If you already have an intallation of GPM or GPMDB you will already have a web server and Perl installed, but you will need to add a VirtualHost entry to httpd.conf as described below.

Web server installation
  1. Download and install the Apache web server.
  2. Next, configure Apache using the text file, httpd.conf, stored in /etc/bin/httpd/conf on Linux and C:/Program Files/Apache Group/Apache2/conf on Windows. The only thing you really need to tell Apache is where your web accessible files are. This is done using Aliases or VirtualHosts.

    Add the one of the following two sets of directives to the appropriate section of the httpd.conf file.
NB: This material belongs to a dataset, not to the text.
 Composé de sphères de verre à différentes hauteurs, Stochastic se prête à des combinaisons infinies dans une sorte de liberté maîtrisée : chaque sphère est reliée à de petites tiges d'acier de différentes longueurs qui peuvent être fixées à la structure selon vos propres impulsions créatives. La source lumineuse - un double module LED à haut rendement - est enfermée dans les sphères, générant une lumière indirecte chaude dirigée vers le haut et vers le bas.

For Linux, change the paths as necessary to something like /var/www/thegpm-xhunter/[folder]. Note that X! Hunter may be installed anywhere, the paths given are only one possible suggestion. (hints: 1. search for the text string 'Aliases:' to find Alias section easily in httpd.conf. 2. X! Hunter may be installed anywhere, the paths given are only the best suggestion.)

    If you have GPM or GPMDB installed on the same server, add the following Virtual Host directives to section 3 of the httpd.conf file.
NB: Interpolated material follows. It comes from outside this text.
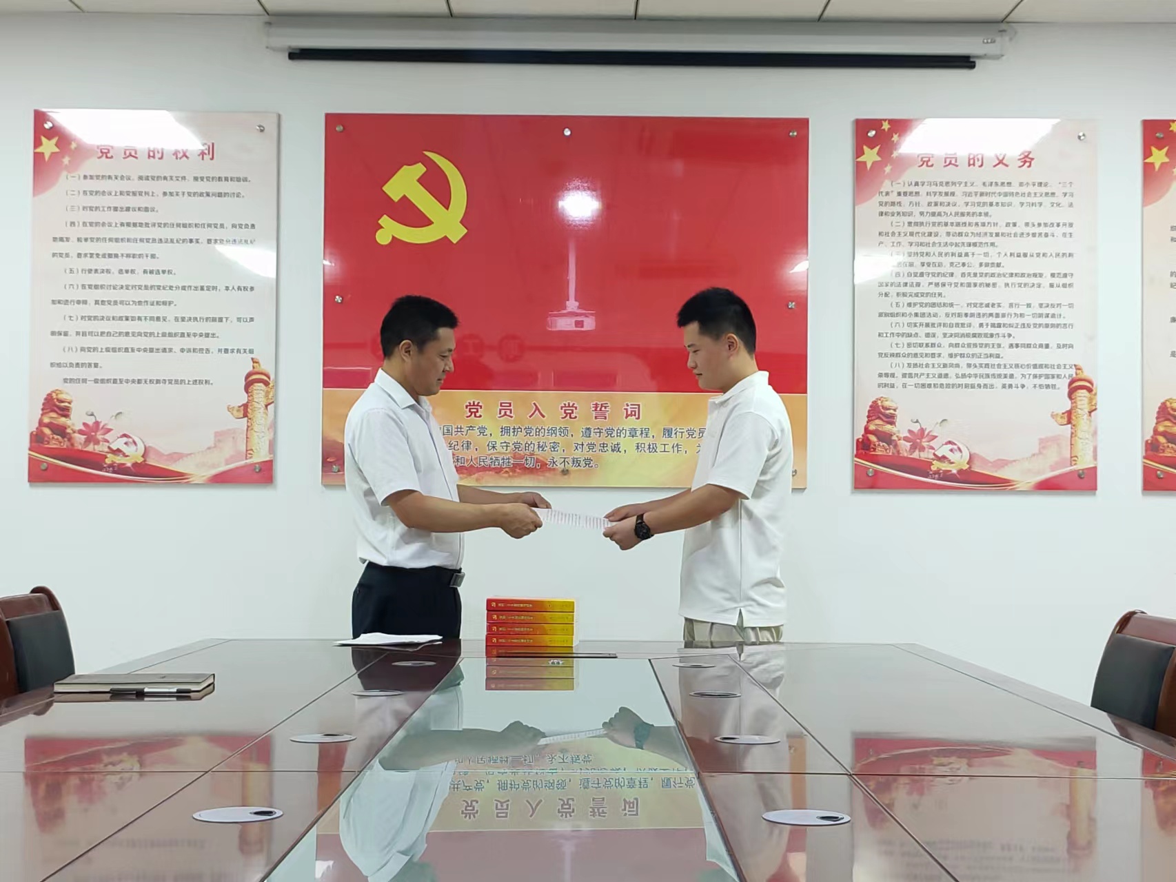 “起来,饥寒交迫的奴隶……”伴随着雄壮有力的《国际歌》,新入职的4名青年员工向党组织递交了入党申请书,通过谈入党动机和对党的认识,向党组织表达了入党愿望和决心。每一封字迹工整的入党申请书,无一例外表达了青年们渴望入党的迫切心情。

    NameVirtualHost xxx.xxx.xxx.xxx		## change this to the ip address or name of this server
    
    <VirtualHost xxx.xxx.xxx.xxx:80>
        ServerAdmin admin@thegpm.org
        DocumentRoot c:/thegpm-xhunter
        ServerName localhost ## change this to the name of your server
        ErrorLog logs/thegpm-xhunter_error_log
        CustomLog logs/thegpm-xhunter_access_log common
        ScriptAlias /thegpm-cgi/ "C:/thegpm-xhunter/thegpm-cgi/"
        <Directory "C:/thegpm-xhunter/thegpm-cgi">
    		AllowOverride None
            Options None
            Order allow,deny
            Allow from all
        </Directory>
    </VirtualHost>
    
    If you do not have GPM or GPMDB installed, add the following to section 2 of httpd.conf. (hint: search for the text string “Aliases” to find their location in section 2).
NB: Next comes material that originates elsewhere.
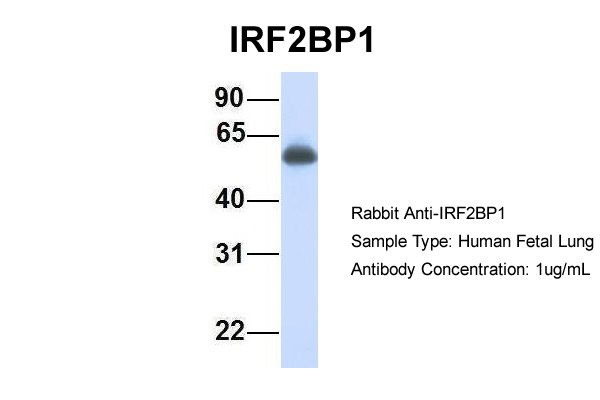 Host:Rabbit Target Name:IRF2BP1 Sample Tissue:Human Fetal Lung Antibody Dilution: 1.0μg/ml |

    Alias /gpm/ "C:/thegpm-xhunter/"
    <Directory "C:/thegpm-xhunter">
    	Options Indexes MultiViews
    	AllowOverride None
    	Order allow,deny
    	Allow from all
    </Directory>
    
    Alias /thegpm/ "C:/thegpm-xhunter/"
    <Directory "C:/thegpm-xhunter">
    	Options Indexes MultiViews
    	AllowOverride None
    	Order allow,deny
    	Allow from all
    </Directory>
    
    Alias /gpm/ "C:/thegpm-xhunter/gpm/"
    <Directory "C:/thegpm-xhunter/gpm">
    	Options Indexes MultiViews
    	AllowOverride None
    	Order allow,deny
    	Allow from all
    </Directory>
    
    Alias /tandem/ "C:/thegpm-xhunter/tandem/"
    <Directory "C:/thegpm-xhunter/tandem">
    	Options Indexes MultiViews
    	AllowOverride None
    	Order allow,deny
    	Allow from all
    </Directory>
    
    Alias /pics/ "C:/thegpm-xhunter/pics/"
    <Directory "C:/thegpm-xhunter/pics">
    	Options Indexes MultiViews
    	AllowOverride None
    	Order allow,deny
    	Allow from all
    </Directory>
    
    Alias /cache/ "C:/thegpm-xhunter/cache/"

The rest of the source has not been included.